Si les perturbations à court terme sur l’approvisionnement en engrais peuvent être atténuées par les stocks existants, des déficits prolongés peuvent entraîner une augmentation des prix alimentaires mondiaux jusqu’à 6%, constituant ainsi des menaces à long terme pour l’agriculture mondiale, souligne l’Organisation de coopération et de développement économiques (OCDE).
Issa DA SILVA SIKITI
« Les pénuries d’engrais constituent une préoccupation majeure pour de nombreux pays, non seulement depuis le début de la guerre entre la Russie et l’Ukraine, mais également en raison des incertitudes géopolitiques plus larges qui affectent le commerce mondial et les marchés des matières premières. Le conflit en cours a perturbé les chaînes d’approvisionnement et la production d’engrais essentiels, entraînant une volatilité accrue des prix et de la disponibilité. La récente flambée des prix, qui rappelle les crises alimentaires mondiales de 2008, a soulevé des questions sur la résilience des marchés internationaux des engrais », martèle cette institution basée à Paris, dans un rapport inquiétant publié lundi.
L’incapacité d’accéder aux engrais entrave la productivité agricole dans de nombreux pays à faible revenu, tandis que dans la plupart des grandes économies, plus de 50% des engrais n’atteignent pas les cultures planifiées, regrette l’USDA, le ministère américain de l’agriculture. « Une réduction de 10% des pertes et gaspillages mondiaux d’engrais permettrait de libérer plus que la quantité totale d’engrais minéraux utilisée par tous les pays africains ».
Faire monter les enchères ?
Grégoire, un agriculteur de subsistance, est indigné par l’augmentation croissante des prix d’engrais, une décision qu’il juge immorale et injuste. « Les prix ont presque doublé cette année et ceci nous pousse à réduire notre production à un niveau qui tient compte de la quantité disponible d’engrais, parce qu’on n’a pas le choix, sinon on risque de compromettre les rendements. Moi je pense que les fournisseurs profitent de la guerre russo-ukrainienne pour faire monter les enchères. Ce n’est pas possible », se plaint-il.
Au Bénin, le prix de l’engrais Npk (azote, phosphore et potassium) n’a cessé de connaître de hausse lors de ces deux dernières campagnes et contrairement à 2020-2023 au cours duquel le prix était relativement stable (240 FCFA/kg et 12.000 FCFA le sac de 50 kg), on note une augmentation drastique pour la campagne agricole 2023-2024, rapporte Agri-Impact.

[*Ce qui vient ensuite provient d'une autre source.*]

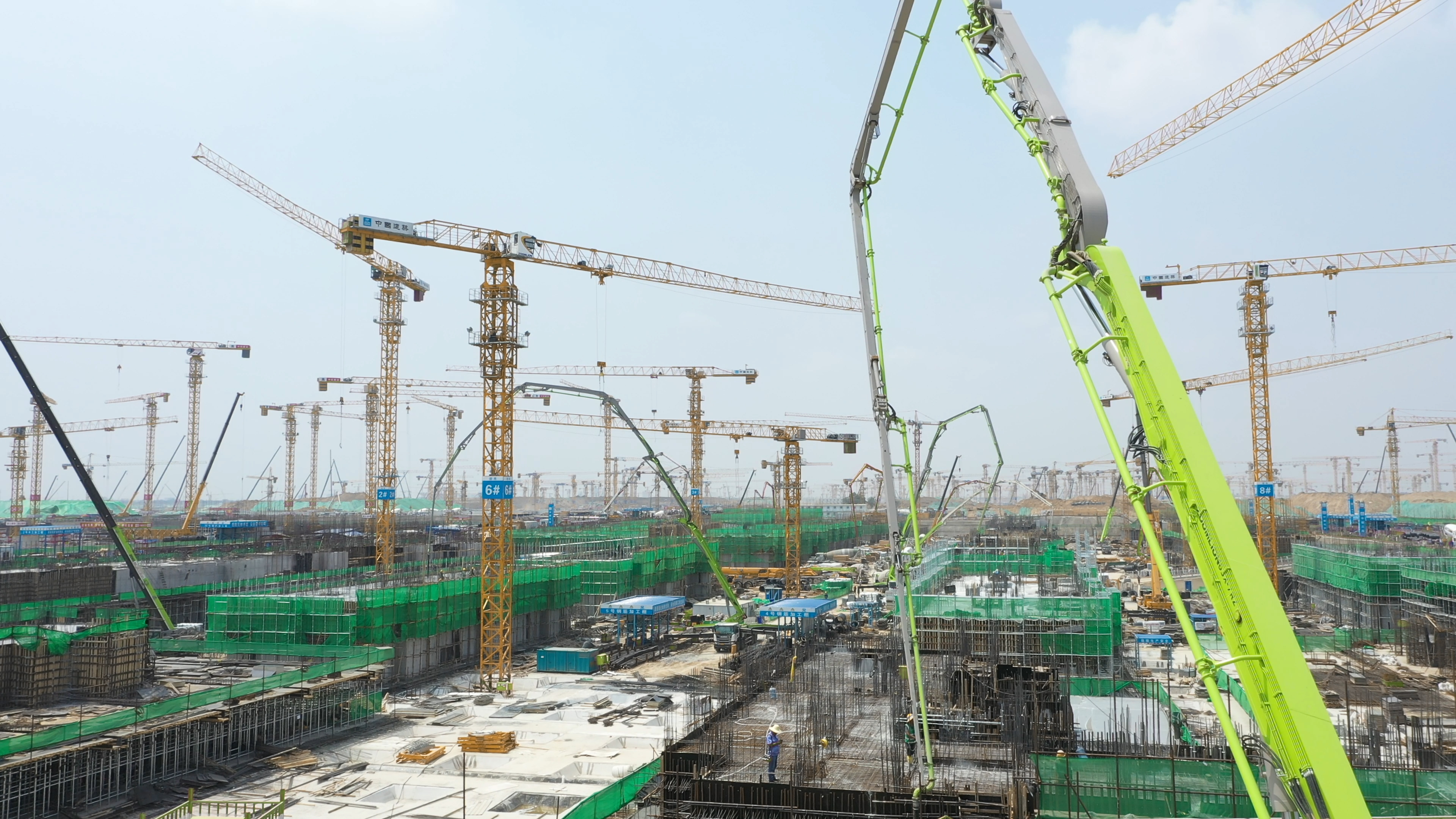 盛夏雄安,烈日炎炎,在廣大建設(shè)者拼搏奮斗下,雄安新區(qū)各重大項(xiàng)目建設(shè)捷報(bào)頻傳:京雄城際鐵路雄安站站房橢圓形水滴狀造型初現(xiàn),容東片區(qū)安置房及綜合管廊等工程均按時(shí)按質(zhì)完成節(jié)點(diǎn)任務(wù),雄安商務(wù)服務(wù)中心會(huì)展中心工程主體結(jié)構(gòu)7月底已封頂。在這座“未來之城”的建設(shè)現(xiàn)場(chǎng),中聯(lián)重科塔機(jī)林立、混凝土機(jī)械、汽車起重機(jī)等各類設(shè)備成群作業(yè),熱火朝天的建設(shè)圖景甚為壯美。

A en croire le rapport de l’OCDE mentionné ci-haut, la réduction des apports de nutriments – lesquels constituent des éléments essentiels des systèmes alimentaires – a un impact direct sur les rendements.
Cependant, déplore la Banque africaine de développement (BAD), bien que les engrais soient l’un des intrants clés du secteur agricole, leur utilisation en Afrique reste inférieure à l’objectif fixé dans la Déclaration d’Abuja de 2006, à savoir l’utilisation d’au moins 50 kg d’éléments nutritifs par hectare de terre arable.
« Comment voulez-vous qu’on les utilise en grande quantité si la demande est toujours supérieure à l’offre et qu’éventuellement leurs prix exorbitants ne correspondent pas à la réalité de nos maigres ressources », s’exclame Grégoire.
La faible utilisation d’engrais en Afrique est due, entre autres, à l’incapacité du continent à mettre en place une chaîne de valeur solide et dynamique des engrais pour répondre aux besoins du secteur agricole, indique la BAD.